Eumeryx Temporal range: Eocene-Oligocene 37.2–23.0 Ma PreꞒ Ꞓ O S D C P T J K Pg N

Scientific classification
- Kingdom: Animalia
- Phylum: Chordata
- Class: Mammalia
- Order: Artiodactyla
- Infraorder: Pecora
- Genus: Eumeryx Matthew and Granger, 1924
- Type species: †Eumeryx culminis Matthew and Granger, 1924
- Other species: †E. imbellis Vislobokova, 1983;

= Eumeryx =

Extinct genus of mammals

Eumeryx is an extinct genus of small pecoran from the Eocene and Oligocene of China and Mongolia. The genus has been historically placed within the family Gelocidae but has also been suggested to be the earliest cervoid by various authors. Similar to other early ruminants, along with some seen today, Eumeryx possessed no head ornamentation but did have sexually dimorphic canine teeth on the upper dentition. Due to the genus being present throughout the Eocene-Oligocene Boundary, it would have lived in a variety of ecosystems. While earlier records of the genus would have lived in more humid environments, later records would have been found in arid deserts and hot steppes. There are currently two valid species being E. culminis and E. imbellis.

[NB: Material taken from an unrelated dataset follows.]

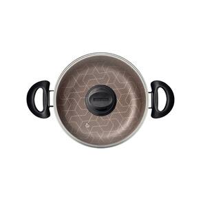 Caçarola Tramontina Paris Antiaderente Starflon Max Vermelho com Tampa de Vidro 28 cm 8 L Tramontina - Caçarola Tramontina Paris em Alumínio com Revestimento Interno e Externo em Antiaderente Starflon Max Vermelho com Tampa de Vidro 28 cm 8 L A caçarola Tramontina Paris em alumínio com revestimento interno e externo em antiaderente Starflon Max vermelho com tampa de vidro 28 centímetros 8 litros vai deixar suas refeições muito mais práticas de serem feitas e ainda irá agregar um estilo muito especial a sua cozinha. É produzida em alumínio com espessura de 1,8 milímetros e conta com revestimento interno e externo em antiaderente Starflon Max, ambas características que proporcionam um cozimento rápido e uniforme dos alimentos, evitam que eles grudem em sua superfície, e devido a isso, a tornam também muito mais fácil de limpar. Para sua segurança, as alças são em material antitérmico, assim como o pegador da sua tampa de vidro. Ela vem com tampa de vidro temperado e pode ir à máquina de lavar louças, otimizando suas tarefas na cozinha Corpo de alumínio com espessura de 1,8 mm que proporciona cozimento rápido e uniforme. Revestimento interno e externo de antiaderente Starflon Max que não gruda, é fácil de limpar, mais durável e não é prejudicial à saúde, pois é livre de PFOA. Tampa de vidro temperado, com saída de vapor e borda de aço inox. Alças de baquelite antitérmico e pegador de nylon que oferecem segurança durante o manuseio. Pode ir à máquina de lavar louças facilitando seu dia a dia. Cuidados com o produto A capacidade volumétrica máxima para cozimento é de 3/4 da capacidade total da peça. Em fogões com grade, centralize a peça e alinhe as alças com a grade. Centralize seu utensílio com a chama ou fonte de calor. Utensílios quentes devem estar fora do alcance das crianças. Antes do primeiro uso, lave com esponja macia, sabão neutro ou detergente líquido. Depois de secar, unte a área interna com óleo ou gordura e leve ao fogo por um ou dois minutos. Deixe esfriar e lave novamente. Seu utensílio Starflon está pronto para uso com ou sem gordura, sempre em fogo baixo ou médio nunca superior a 260 C . Para mexer os alimentos use somente utensílios de silicone, nylon ou madeira. Com o uso, as alças e o pegador podem afrouxar devido à dilatação normal dos materiais. Reaperte apenas o suficiente, sem forçar. Limpeza: Evite a imersão do utensílio quente em água fria. Nunca utilize produtos abrasivos na lavagem. Se deixar queimar alimentos, umedeça a área e até que possa remover os resíduos grudados com esponja e sabão. Para descarte do produto e embalagem siga as orientações de reciclagem vigentes. 90 dias para vícios ou defeitos de fabricação. Características Gerais do Produto: : 3 meses Contra defeitos de fabricação Marca: Não Informado
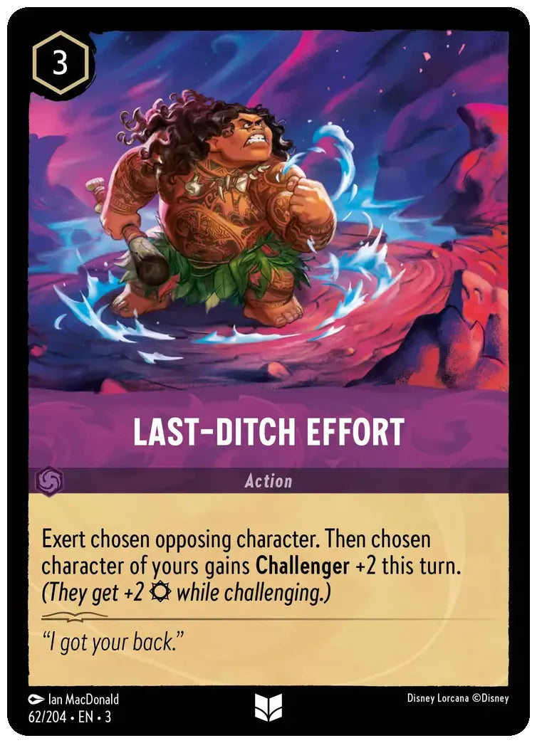 Exert chosen opposing character. Then chosen character of yours gains Challenger +2 this turn. (They get +2 strength while challenging.)

== History and classification ==
The type species of Eumeryx, E. culminis, was first described by Matthew and Granger in 1924 based on number of cranial and postcranial specimens from the Hsanda Gol Formation. A second species, E. imbellis, would later be described by Vislobokova in 1983.

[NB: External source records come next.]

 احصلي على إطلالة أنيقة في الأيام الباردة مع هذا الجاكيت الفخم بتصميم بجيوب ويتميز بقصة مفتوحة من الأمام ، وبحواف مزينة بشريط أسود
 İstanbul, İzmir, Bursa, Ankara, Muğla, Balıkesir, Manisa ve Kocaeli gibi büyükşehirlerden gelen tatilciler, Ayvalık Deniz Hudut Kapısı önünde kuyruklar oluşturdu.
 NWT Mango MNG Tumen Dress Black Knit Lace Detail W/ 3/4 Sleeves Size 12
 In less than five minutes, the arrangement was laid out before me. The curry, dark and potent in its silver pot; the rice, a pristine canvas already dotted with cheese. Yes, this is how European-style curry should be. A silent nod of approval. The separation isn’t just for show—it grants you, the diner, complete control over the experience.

The classification of Eumeryx has been argued back and forth since the genus was first described with various authors, including the original describers of the genus, suggesting that it was the earliest known cervid or cervoid. This was later questioned by Simpson in 1945, instead placing it in the now invalid family Blastomerycidae. The most common classification of the genus would be first suggested by Viret in 1961 who placed it in the family Gelocidae. This family, however, has been considered a wastebasket with a number of taxa being moved out of the family and placed in others. Even with this placement being the most common, more evidence towards the cervoid placement would be given in a 1987 publication by Scott and Janis which would bring up certain features of the limb bones along with the presence of a lower molar morphotype referred to as a "Palaeomeryx fold" as evidence. The taxonomic position of Eumeryx is highly contested even today with both of these classifications being used since the 1990's, with some authors also simply calling it a Pecoran. As is the case with a number of taxa, Eumeryx has not been a part of the phylogenic trees of many papers. Even with this being the case, one of the most recent papers with a phylogeny including the genus would be in 2006 by Métais who would place it as a Pecoran; this conclusion also being reached in a 1992 paper by Scott and Janis.

== Description ==
Eumeryx was a small pecoran with some authors suggesting that it was about the size of Blastomeryx advena. Similar to a number of other members in the group, Eumeryx was sexually dimorphic with males processing a pair of large canine teeth. There are 4 premolars present on each part of the dentition with the first being much smaller than the others. The other premolars are generally compressed and two-rooted, in comparison of the single root of the first premolar. The molars of the genus are brachydont with some lower molars assigned to the genus possessing a "Palaeomeryx fold", a type of molar seen in early ruminants. The two species are generally similar in their morphology though the teeth of E. imbellis have higher crowns than E. culminis along with a more developed "Palaeomeryx fold". Along with the dentition, incomplete limb elements of the genus are known. These specimens show that cannon-bones were present, similar to modern ungulates, along with fact that both the fifth metatarsal and metacarpal are coossified. The metatarsal does have a gully with a short bridge similar to what is seen in cervids.

== Paleoenvironment ==
Eumeryx is an artiodactyl found in the Eocene to Oligocene of Asia with the genus being found in both China and Mongolia. One of the earlier records of the genus is found within the Ergilin Dzo Formation, which dates to the late Eocene. Though hot, the environment would have been generally humid with crocodilians being found. During the Oligocene in Mongolia, a trend of cooling and aridification due to the glaciation is seen in the region. Along with this, the uplift of the Hangay Mountains also would have caused the blocking of moisture coming from Siberia which would have also contributed to the aridification seen. During this time, the environment that Eumeryx would have lived in would have been arid with the exact ecosystem being dependent on the region. While some, like the one seen at the Hsanda Gol Formation, would have been most likely hot steppes. Others, like the one represented by the Ulantatal Formation, would have been deserts made up of sand dunes. This is in stark contrast to the more humid conditions in Mongolia seen in both the Eocene and Miocene.